July 28 self help books and arcs

Most books now are self-help books. Other books just don’t cut it anymore. They don’t have the sufficient amount of gobbets or bullet points or lists. They don’t mould to your bite. I can’t read self-help books because I don’t need any help. Also I am averse to being taught anything. BY ANYONE.
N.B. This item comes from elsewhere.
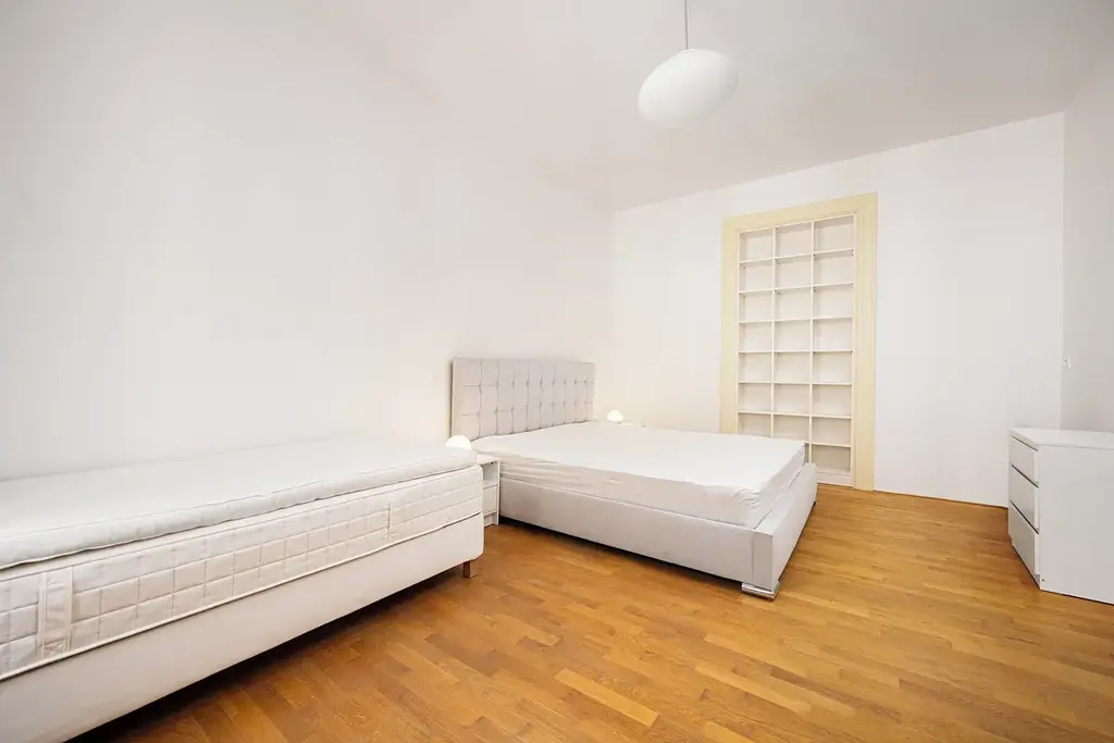 • Ložnice: Velkorysý pokoj orientovaný do ulice, vybavený manželskou postelí, nočními stolky, lampičkami, samostatným lůžkem a křeslem. Součástí je vestavěná šatní nika. Prostor umožňuje i pracovní využití.

Self-help seekers want 1. short cuts. 2. mentors. They are part of the wave of belief in accountability. We can account for story telling; we can account for positive thinking; we can account for happiness. Formulaic procedures can lead us in the right direction. Hollywood uses these.Jennifer Anniston is cooky; Ryan Gosling is hunky; Harrison Ford is statesmanlike; Cameron Diaz is ditzy (she can also do ballsy).This is all useful to know when you start watching a film. That way you can have a kip in the middle. Or, better still, not watch it in the first place. Familiarity is key (see familiarity Jan 18). When writing stories self-help books tell us to follow an arc. I know the arc of bio-pics. They start with a key scene in, say, Enid Blyton’s life, an emblematic scene. Then it goes back to childhood and follows her life from there. It crosses the emblematic scene about two thirds of the way through and then completes the life. The last scene is a flashback, normally guaranteed to produce a wistful tear in the eye of the spectator. Arcs, like Valentine’s Day and jokes are for amateurs. Arcs are rubbish.